Effective December 1, 2010, FRCP 26(b)(4)(C) protects communications between a party’s attorney and expert witnesses who must provide a report pursuant to FRCP 26(a)(2)(B). Communications are discoverable only where they relate (i) to the expert’s compensation, (ii) to facts the expert considered in forming an opinion, and (iii) to assumptions the attorney provided and that the expert relied upon in forming an opinion.
Note that this section, like FRCP 26(b)(4)(B) (protections for draft expert reports), does not prevent discovery of things otherwise discoverable under Rule 26(b)(1) where the party seeking disclosure shows it has a “substantial need” and cannot obtain the information without “undue hardship.” FRCP 26(b)(3)(A)(i) and (ii).
FRCP 26(b)(4)(C)(ii) states that the expert must only “identify” facts and data that the party’s attorney provided and that the expert relied upon. Arguably, identification of such facts would not require the expert to disclose the letter from counsel or notes from a phone conference with counsel where applicable facts were disclosed. Likely, simply stating the facts counsel provided in the expert’s written report would suffice.
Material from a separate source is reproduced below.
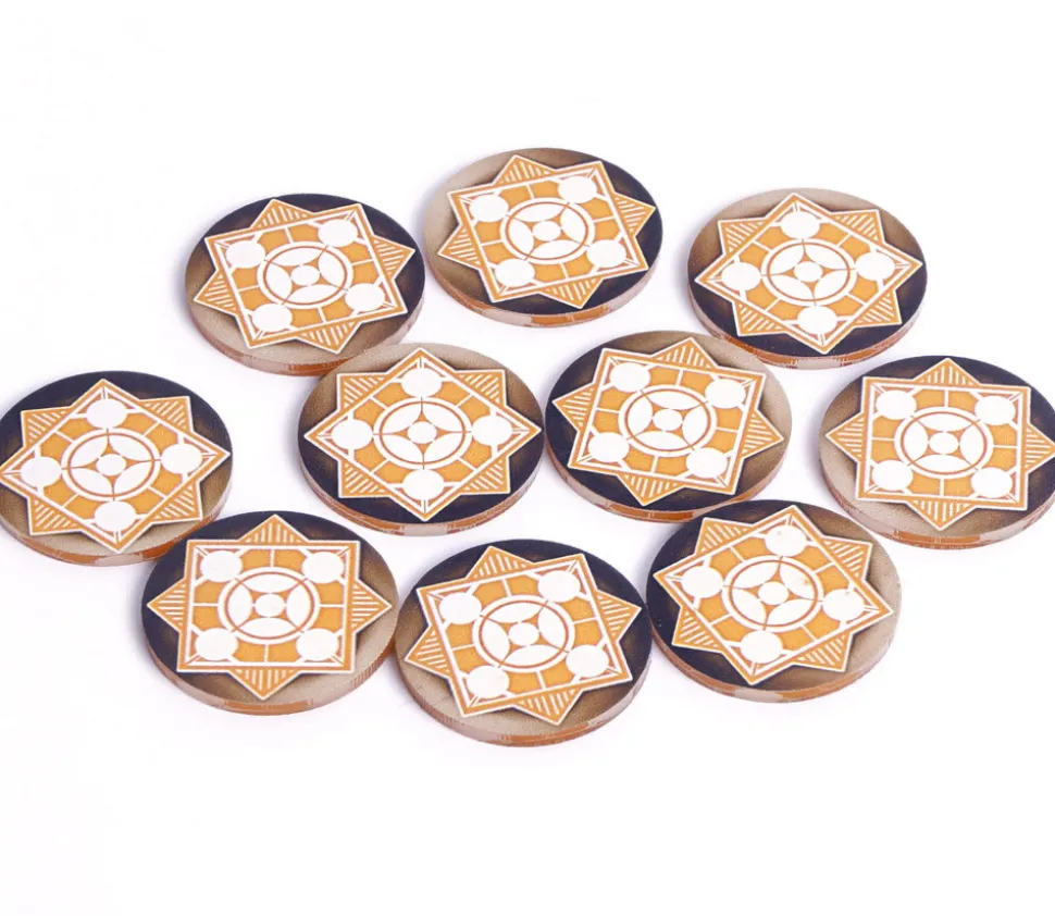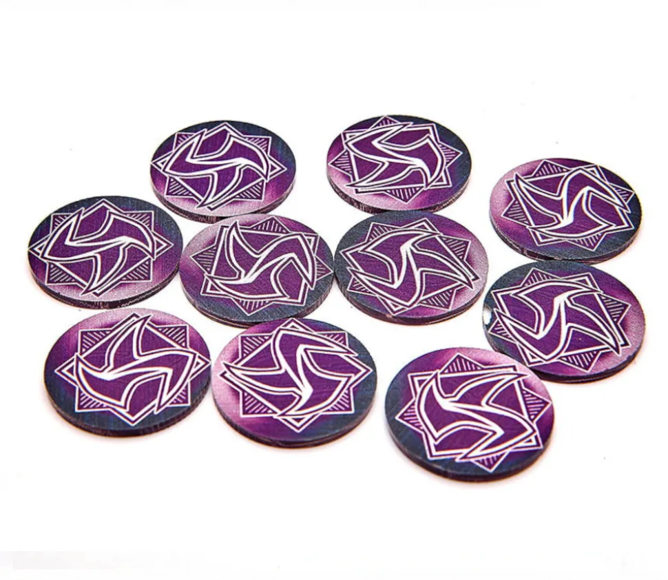 Set de 46 jetons en plexiglas pour compléter votre jeu de base Arkham Horror, remplacer les jetons perdus ou créer un jeu avec des jetons originaux illustrés.
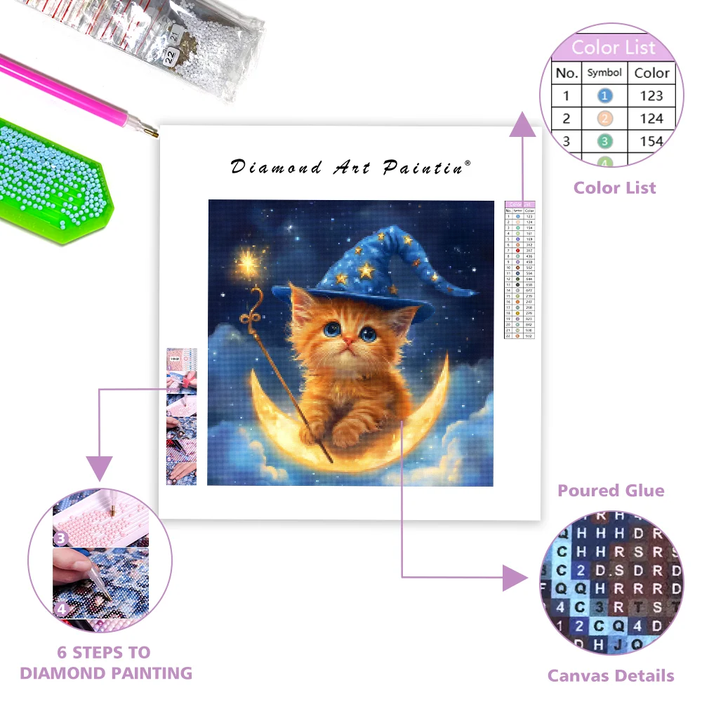 Magical Kitten on Moon - Diamond Painting

These new protections, however, apply only to experts “retained or specifically employed to provide expert testimony in the case or one whose duties as the party’s employee regularly involve giving expert testimony.” FRCP 26(a)(2)(B). Thus, non-retained experts such as a treating physician do not enjoy these same protections. A later post will address the reporting duties related to a non-retained expert.
 FRCP 26(b)(1) governs the scope and limits of discovery.